STORED DATA section start

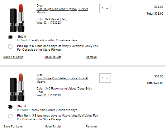 | 内容: | 网站需在境外网络环境下打开! 目前梅西百货这款Dior烈焰蓝金唇膏丝绒#999/840补货了,售价$38; 美国境内满$25免邮; 若直达链接到首页,搜索栏输入“11768028” 全新Dior烈焰蓝金唇膏,这次的新品简直是颜值天花板。新包装,新色号,新质地。丝绒质地真的绝,不是一般的绝,高级柔雾的感觉,新配方膏体注入了花卉精粹,一点都不拔干。图上是很丝滑很舒服的感觉。 999真的是什么时候涂都会好看的一支吧?经典中的经典,百搭款。再加上这次的全新丝绒质地,妆感真的很高级,很有气场。
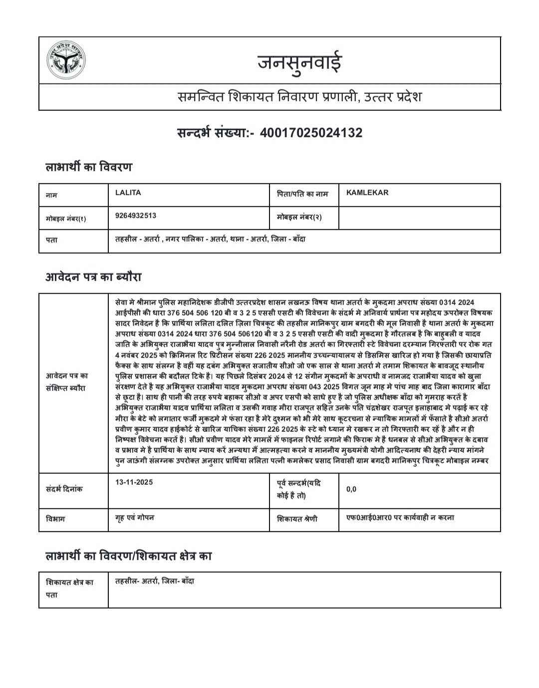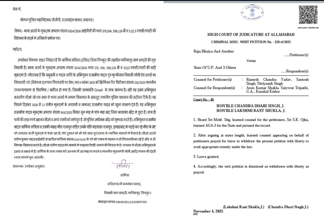 “पिछले एक साल से मुकदमा अपराध संख्या 0314/2024 थाना अतर्रा मे हाईकोर्ट से विवेचना की समयावधि मे “नो कोर्सेव एक्शन” का स्टे मिलने के बाद पुलिस के खासमखास बन चुके राजाभैया यादव को बीते 4 नवम्बर 2025 को माननीय उच्च न्यायालय से स्टे डिसमिस/खारिज होने के बाद झटका लगा था। तब से राजाभैया यादव फरारी के अलर्ट मोड पर थे। गत 18 नवंबर को राजाभैया यादव को गिरफ्तार करने के बाद बाँदा पुलिस मीडिया सेल का मौन और स्थानीय पत्रकारों मे इसकी कोई जानकारी साझा न करना अतर्रा सीओ पर बड़े सवाल खड़े करता है। तब जबकिं पिछली बार अतर्रा कोतवाली प्रभारी तत्कालीन एसएचओ कुलदीप तिवारी ने मीडिया को जानकारी दी थी। गिरफ्तारी की तस्वीर पुलिस मीडिया सेल से भी जारी की गई थी।
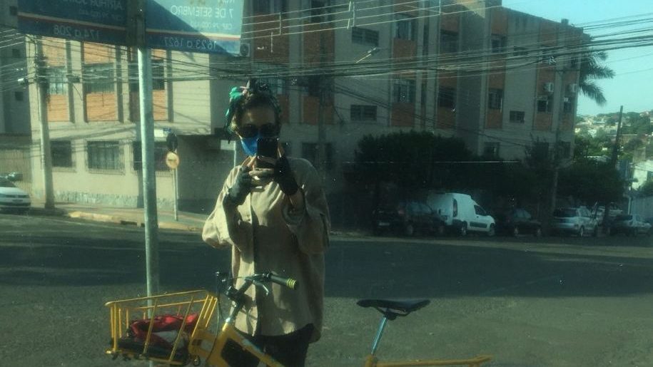 Laura durantes as entregas do dia-a-dia do Catita Bike Entregas (acervo pessoal)
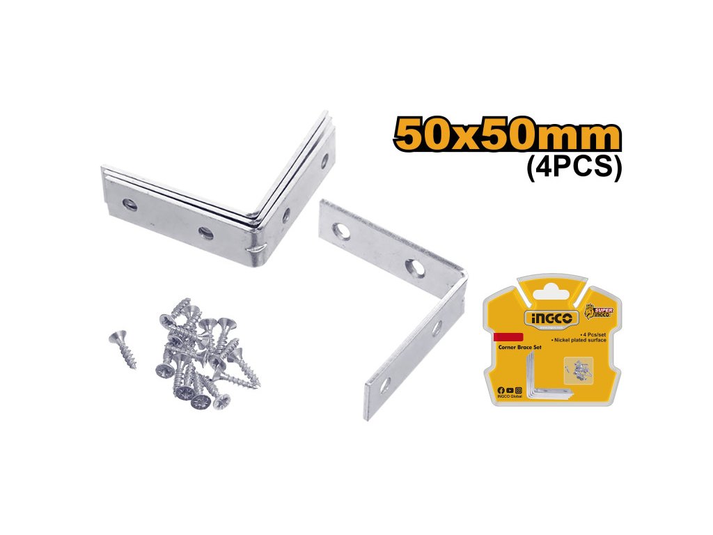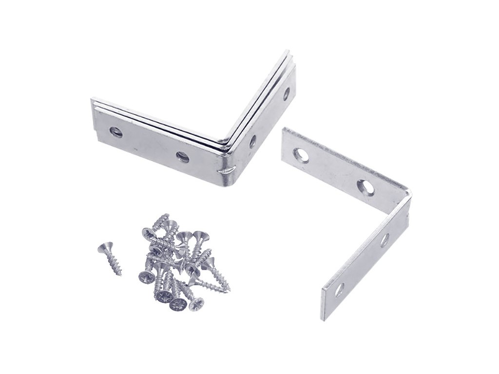 Veľkosť: 50 * 50 mm Hrúbka: 1,9 mm Poniklovaný povrch Rozsah dodávky: 4 rohové výstuhy, 16 spojovacích prvkov, v blistri

STORED DATA section end

§ **WHAT THE TASK REQUIRES**
The answer should contain every line of the material exactly as written and no pictures.

§ **ANSWER TO THIS TASK**
 | 内容: | 网站需在境外网络环境下打开! 目前梅西百货这款Dior烈焰蓝金唇膏丝绒#999/840补货了,售价$38; 美国境内满$25免邮; 若直达链接到首页,搜索栏输入“11768028” 全新Dior烈焰蓝金唇膏,这次的新品简直是颜值天花板。新包装,新色号,新质地。丝绒质地真的绝,不是一般的绝,高级柔雾的感觉,新配方膏体注入了花卉精粹,一点都不拔干。图上是很丝滑很舒服的感觉。 999真的是什么时候涂都会好看的一支吧?经典中的经典,百搭款。再加上这次的全新丝绒质地,妆感真的很高级,很有气场。
 “पिछले एक साल से मुकदमा अपराध संख्या 0314/2024 थाना अतर्रा मे हाईकोर्ट से विवेचना की समयावधि मे “नो कोर्सेव एक्शन” का स्टे मिलने के बाद पुलिस के खासमखास बन चुके राजाभैया यादव को बीते 4 नवम्बर 2025 को माननीय उच्च न्यायालय से स्टे डिसमिस/खारिज होने के बाद झटका लगा था। तब से राजाभैया यादव फरारी के अलर्ट मोड पर थे। गत 18 नवंबर को राजाभैया यादव को गिरफ्तार करने के बाद बाँदा पुलिस मीडिया सेल का मौन और स्थानीय पत्रकारों मे इसकी कोई जानकारी साझा न करना अतर्रा सीओ पर बड़े सवाल खड़े करता है। तब जबकिं पिछली बार अतर्रा कोतवाली प्रभारी तत्कालीन एसएचओ कुलदीप तिवारी ने मीडिया को जानकारी दी थी। गिरफ्तारी की तस्वीर पुलिस मीडिया सेल से भी जारी की गई थी।
 Laura durantes as entregas do dia-a-dia do Catita Bike Entregas (acervo pessoal)
 Veľkosť: 50 * 50 mm Hrúbka: 1,9 mm Poniklovaný povrch Rozsah dodávky: 4 rohové výstuhy, 16 spojovacích prvkov, v blistri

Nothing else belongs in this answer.